Skip the pictures and retype exactly the lines from the one holding "Show moreIntroducing the" through the end of the entries.

# [Items listed in a dataset]
- - -
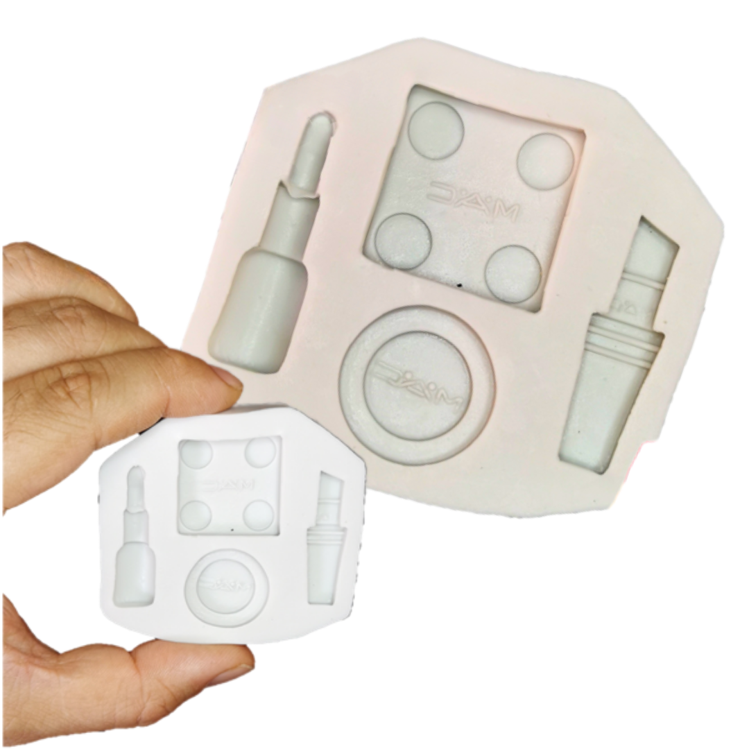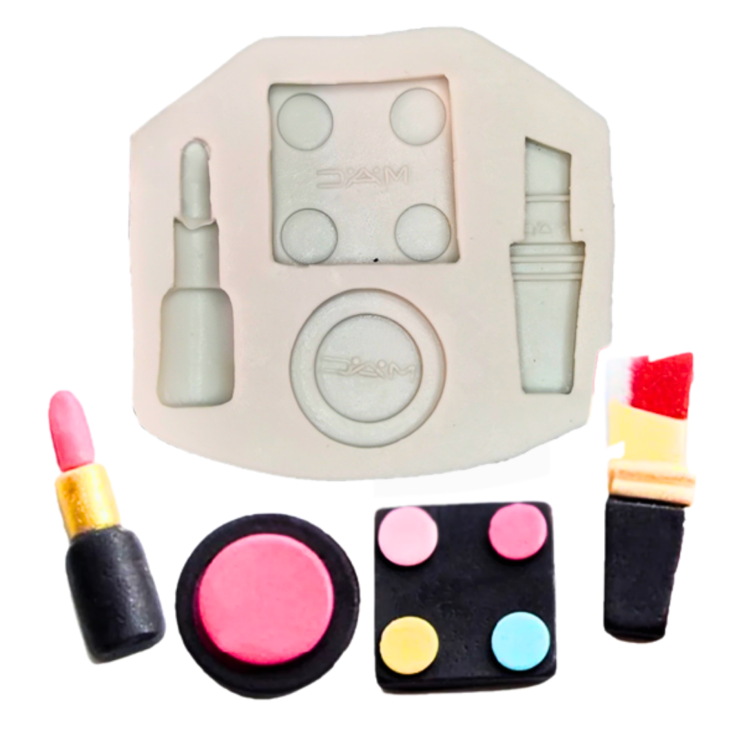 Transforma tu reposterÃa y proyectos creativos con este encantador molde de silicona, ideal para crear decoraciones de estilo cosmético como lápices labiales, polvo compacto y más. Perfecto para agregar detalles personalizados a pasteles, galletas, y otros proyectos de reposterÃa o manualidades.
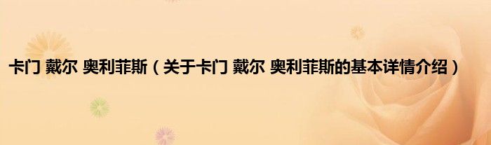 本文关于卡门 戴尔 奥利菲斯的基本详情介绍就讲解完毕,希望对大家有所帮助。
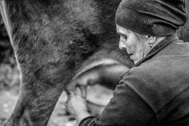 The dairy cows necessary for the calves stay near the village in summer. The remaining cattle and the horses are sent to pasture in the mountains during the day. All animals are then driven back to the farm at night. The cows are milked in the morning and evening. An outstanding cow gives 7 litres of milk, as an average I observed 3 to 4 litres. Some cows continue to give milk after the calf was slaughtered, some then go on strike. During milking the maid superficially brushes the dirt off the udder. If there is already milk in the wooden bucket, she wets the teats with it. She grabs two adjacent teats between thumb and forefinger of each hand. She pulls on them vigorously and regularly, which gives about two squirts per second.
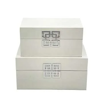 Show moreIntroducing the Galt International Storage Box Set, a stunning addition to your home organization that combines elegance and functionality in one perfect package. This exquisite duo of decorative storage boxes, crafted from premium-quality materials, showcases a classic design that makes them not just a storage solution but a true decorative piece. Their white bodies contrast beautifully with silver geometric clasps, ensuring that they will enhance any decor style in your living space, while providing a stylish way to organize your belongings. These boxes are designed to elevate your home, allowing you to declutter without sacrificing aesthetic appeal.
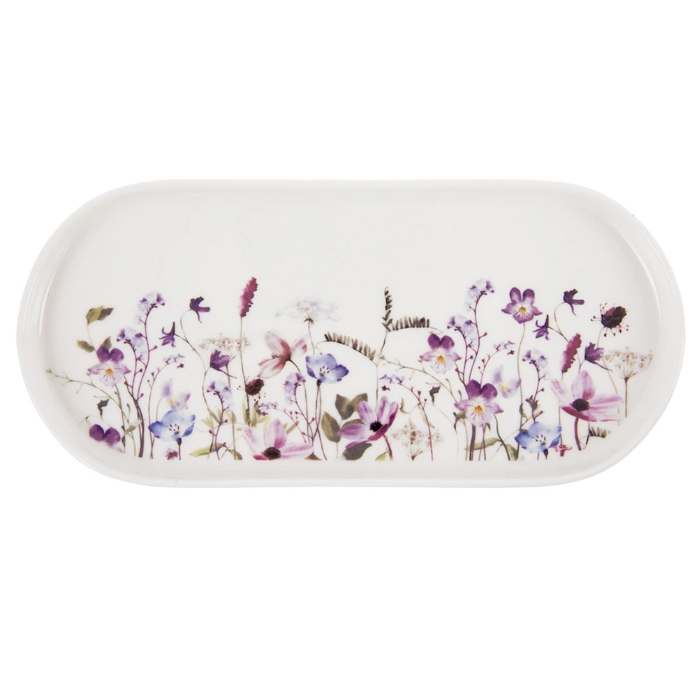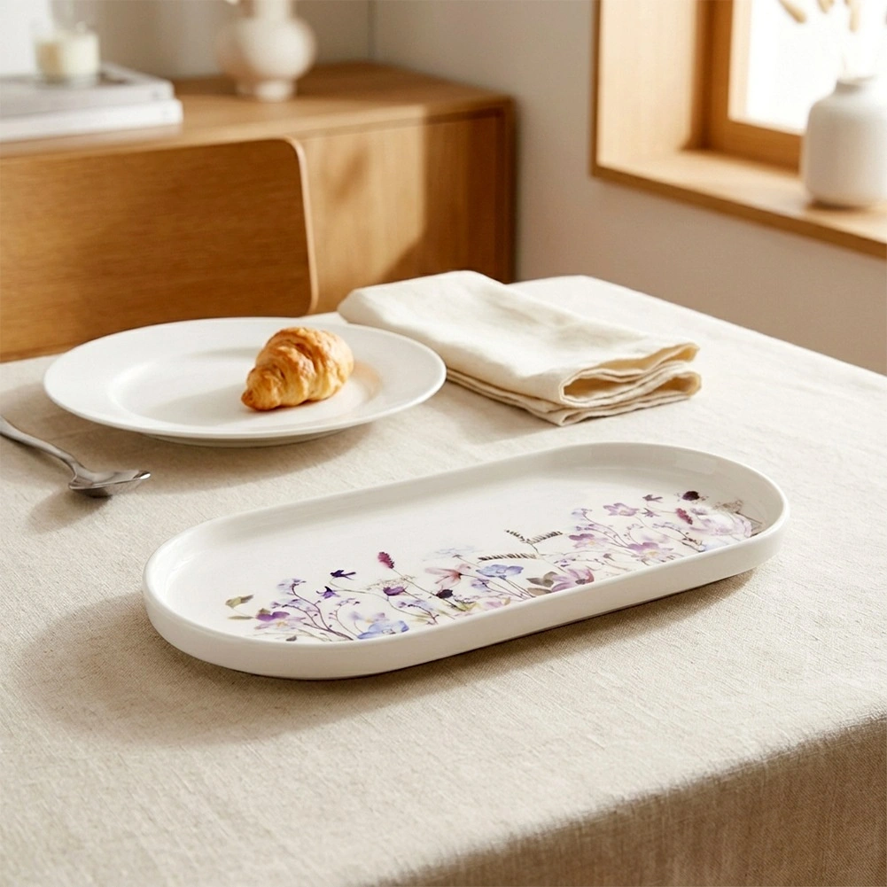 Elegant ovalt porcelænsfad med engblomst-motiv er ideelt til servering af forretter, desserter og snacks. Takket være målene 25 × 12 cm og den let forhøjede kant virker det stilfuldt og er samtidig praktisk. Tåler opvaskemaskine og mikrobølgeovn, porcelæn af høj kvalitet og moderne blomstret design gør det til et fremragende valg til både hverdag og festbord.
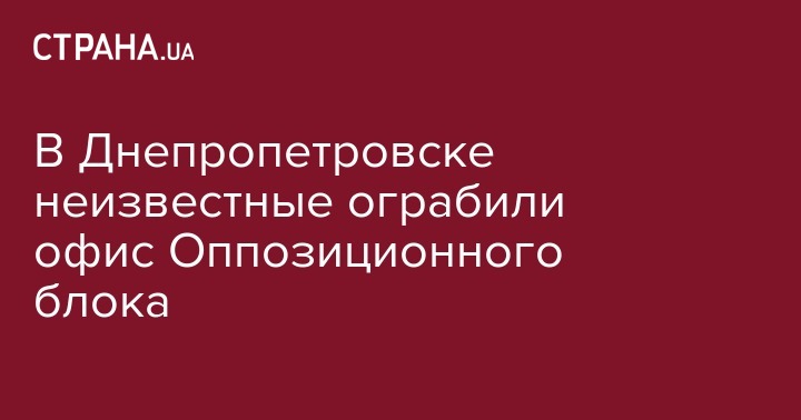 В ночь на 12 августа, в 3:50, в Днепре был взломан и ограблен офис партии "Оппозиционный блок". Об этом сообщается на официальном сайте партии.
- - -
# [ANSWER BELOW]
 Show moreIntroducing the Galt International Storage Box Set, a stunning addition to your home organization that combines elegance and functionality in one perfect package. This exquisite duo of decorative storage boxes, crafted from premium-quality materials, showcases a classic design that makes them not just a storage solution but a true decorative piece. Their white bodies contrast beautifully with silver geometric clasps, ensuring that they will enhance any decor style in your living space, while providing a stylish way to organize your belongings. These boxes are designed to elevate your home, allowing you to declutter without sacrificing aesthetic appeal.
 Elegant ovalt porcelænsfad med engblomst-motiv er ideelt til servering af forretter, desserter og snacks. Takket være målene 25 × 12 cm og den let forhøjede kant virker det stilfuldt og er samtidig praktisk. Tåler opvaskemaskine og mikrobølgeovn, porcelæn af høj kvalitet og moderne blomstret design gør det til et fremragende valg til både hverdag og festbord.
 В ночь на 12 августа, в 3:50, в Днепре был взломан и ограблен офис партии "Оппозиционный блок". Об этом сообщается на официальном сайте партии.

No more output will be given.